International career
- 1993–1996: England U21 / 18 / (0)

= Paul Gerrard =

English footballer (born 1973)

Paul William Gerrard (born 22 January 1973) is an English football goalkeeping coach and former player.

Gerrard started his career in the Premier League with Oldham Athletic as a goalkeeper, and his 22-year playing career saw him play for Oldham, Everton, Oxford United, Ipswich Town, Sheffield United, Nottingham Forest, Blackpool and Stockport County, before he finished his playing career in a second spell at Oldham. Towards the end of his playing career, he was employed as a part-time goalkeeping coach by Oldham and Shrewsbury Town, before signing on as a full-time player/coach with Oldham at the start of the 2011–12 season. Gerrard is also a former England under-21 international, having made 18 appearances between 1993 and 1996, but he never made an appearance for the full national side.

Following retirement he worked as the goalkeeping coach at both Oldham Athletic and Doncaster Rovers.

==Club career==
===Oldham Athletic===
Born in Heywood, Lancashire, Gerrard started his career as a goalkeeping apprentice at Oldham Athletic. He made his Premiership debut at the age of 19 on 5 December 1992 in a 3–2 defeat at Queens Park Rangers. In all, he made 118 League appearances for The Latics in his first spell.

===Everton===
Nearly two years after Joe Royle had left Oldham for Everton, he returned to buy Gerrard for £1.5 million in July 1996. He made his debut for Everton as a half-time substitute for Neville Southall in a 7–1 win at home to Southampton on 16 November 1996.

When Royle left Everton, Southall returned as first choice goalkeeper for Everton, and Gerrard decided to go on loan to Oxford United in 1997 for regular first team action. However, soon afterwards Howard Kendall took over for his second spell as team manager at Goodison Park and recalled Gerrard from Oxford.

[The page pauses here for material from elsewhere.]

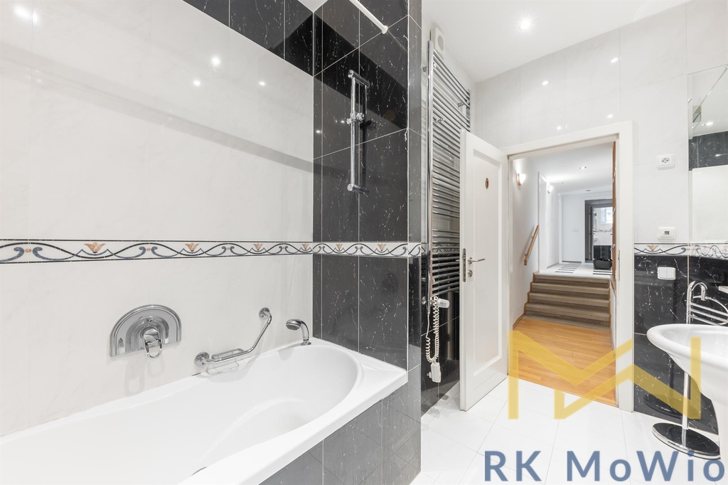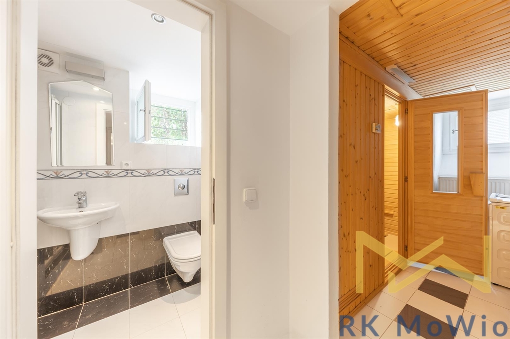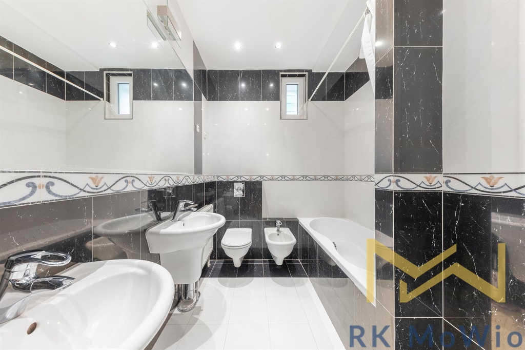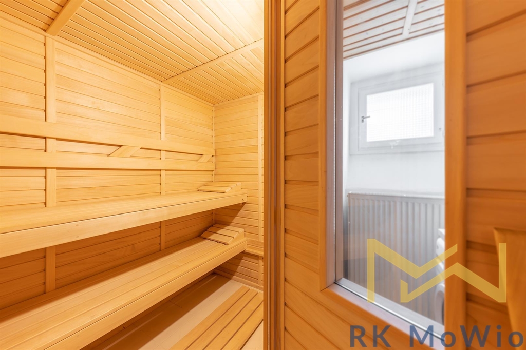 Půdorys bytové jednotky nabízí vstupní chodbu, vzdušnou kuchyň s jídelní částí a se vstupem do zimní zahrady, 1 obývací pokoj, 1 ložnice, 2 koupelny (1x s vanou, dvěma umyvadly, bidetem a toaletou; 1x se sprchou, umyvadlem a toaletou), saunu a technickou místností. Vybavení bytu: kuchyňská linka (včetně lednice s mrazákem, sklokeramické varné desky, digestoře, myčky, elektrické a mikrovlnné trouby), klimatizace, vestavěné skříně, pračka, příprava pro vysokorychlostní internet, dřevěné podlahy a dlažba. Součástí pronájmu jsou 2 vyhrazená parkovací stání na zahradě. Možnost užívání společné zahrady o velikosti 1850 m². Byt je vhodný pro 2 maximálně 3 osoby.
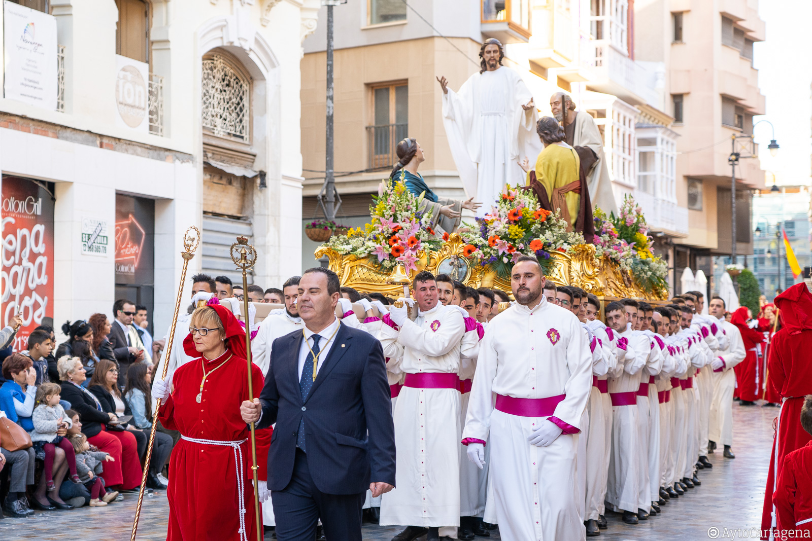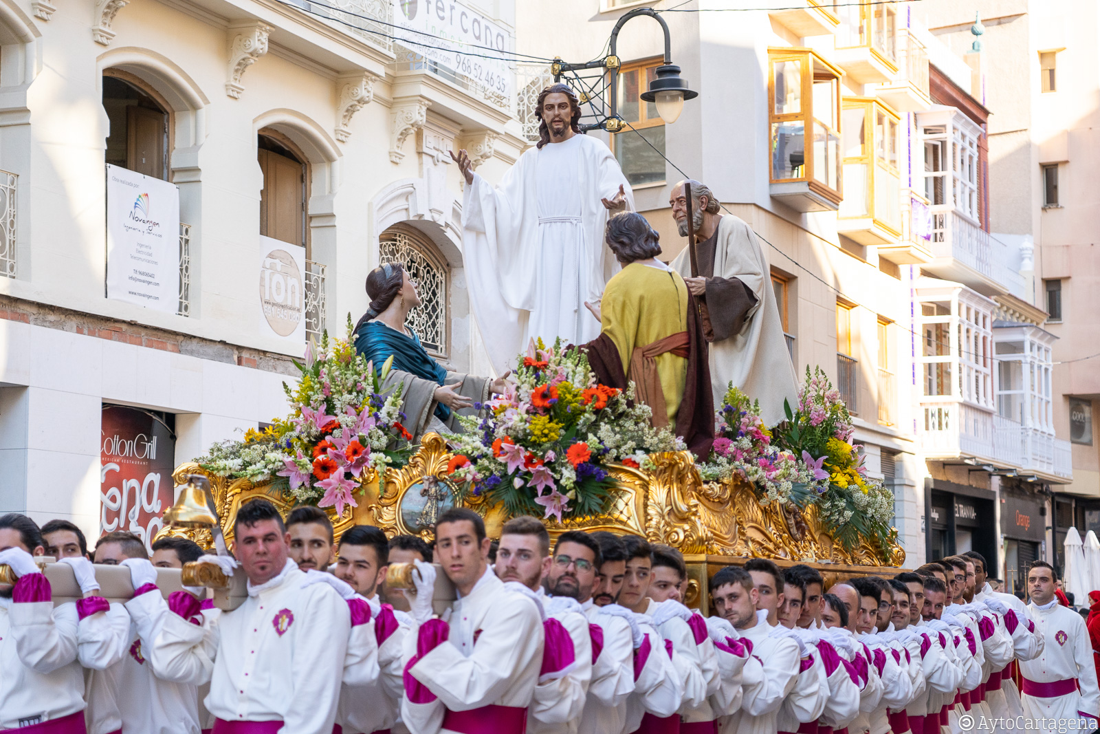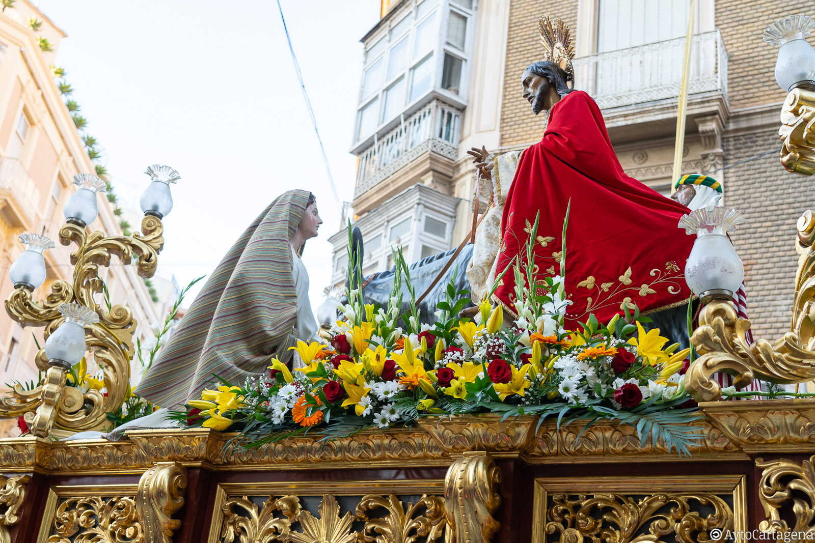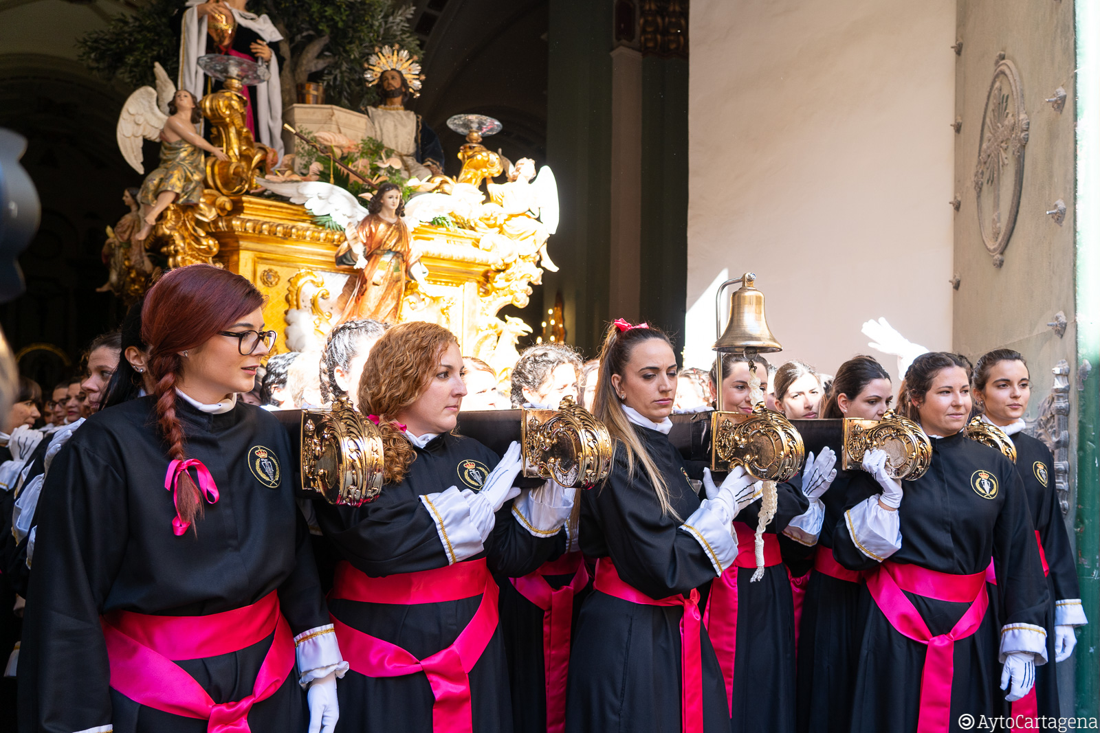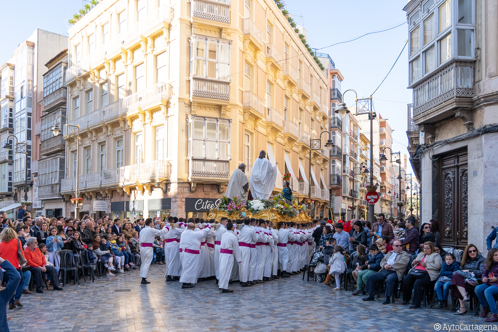 Las calles de la ciudad se inundaron de niños ataviados con trajes de hebreos conjuntados por los colores de las agrupaciones a las que pertenecen. Un desfile salpicado de palmas y varas de olivos armonizado con el típico ritmo cadencioso de las procesiones cartageneras.

In December 2000, he suffered a knee injury in a Premier League match against West Ham United, and sparked a surprise reaction from West Ham striker Paolo Di Canio who spurned the opportunity to score the winning goal in order to attend to the injured Gerrard. This act of sportsmanship saw Di Canio awarded with the FIFA fair play award the following year.

Royle, now at Ipswich Town, signed Gerrard on a month-long loan in November 2002, although Gerrard returned to Everton early after suffering from a dislocated kneecap, having made five appearances for Ipswich. During the 2003–04 season, he was signed on loan by Sheffield United covering for injured goalkeeper Paddy Kenny, and he spent three months at the club. He played a total of 16 games for the Blades, before joining Nottingham Forest on loan in March 2004 for the final two months of the season.

===Nottingham Forest===
In the summer of 2004, Gerrard signed permanently for Nottingham Forest. At the end of his first season the club was relegated to League One.

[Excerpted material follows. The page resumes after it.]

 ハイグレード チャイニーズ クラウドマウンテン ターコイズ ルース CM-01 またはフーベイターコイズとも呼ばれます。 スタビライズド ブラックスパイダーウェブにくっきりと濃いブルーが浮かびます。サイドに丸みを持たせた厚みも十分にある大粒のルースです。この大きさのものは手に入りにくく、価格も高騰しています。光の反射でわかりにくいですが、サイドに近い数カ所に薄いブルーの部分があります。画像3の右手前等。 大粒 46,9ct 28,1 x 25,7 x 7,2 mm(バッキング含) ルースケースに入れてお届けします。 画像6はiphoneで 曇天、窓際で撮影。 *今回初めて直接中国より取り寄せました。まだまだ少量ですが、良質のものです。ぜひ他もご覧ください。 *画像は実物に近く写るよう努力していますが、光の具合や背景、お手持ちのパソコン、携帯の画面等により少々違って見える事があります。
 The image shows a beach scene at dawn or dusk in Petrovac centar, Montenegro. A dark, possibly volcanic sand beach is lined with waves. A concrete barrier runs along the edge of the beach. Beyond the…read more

Despite ending the 2004–05 season as first-choice goalkeeper and Player of the Year at Forest, Gerrard found himself as second choice goalkeeper behind new signing Rune Pedersen, having sustained a knee injury during a pre-season tour to Denmark. Although he handed in a transfer request, Gerrard returned to first team action at the end of August in a 3–1 win against Gillingham. Gerrard was again dropped from the first team when manager Gary Megson signed Russell Hoult on loan from West Bromwich Albion. However, Hoult was recalled by West Brom in October, and Gerrard once again became the preferred goalkeeper.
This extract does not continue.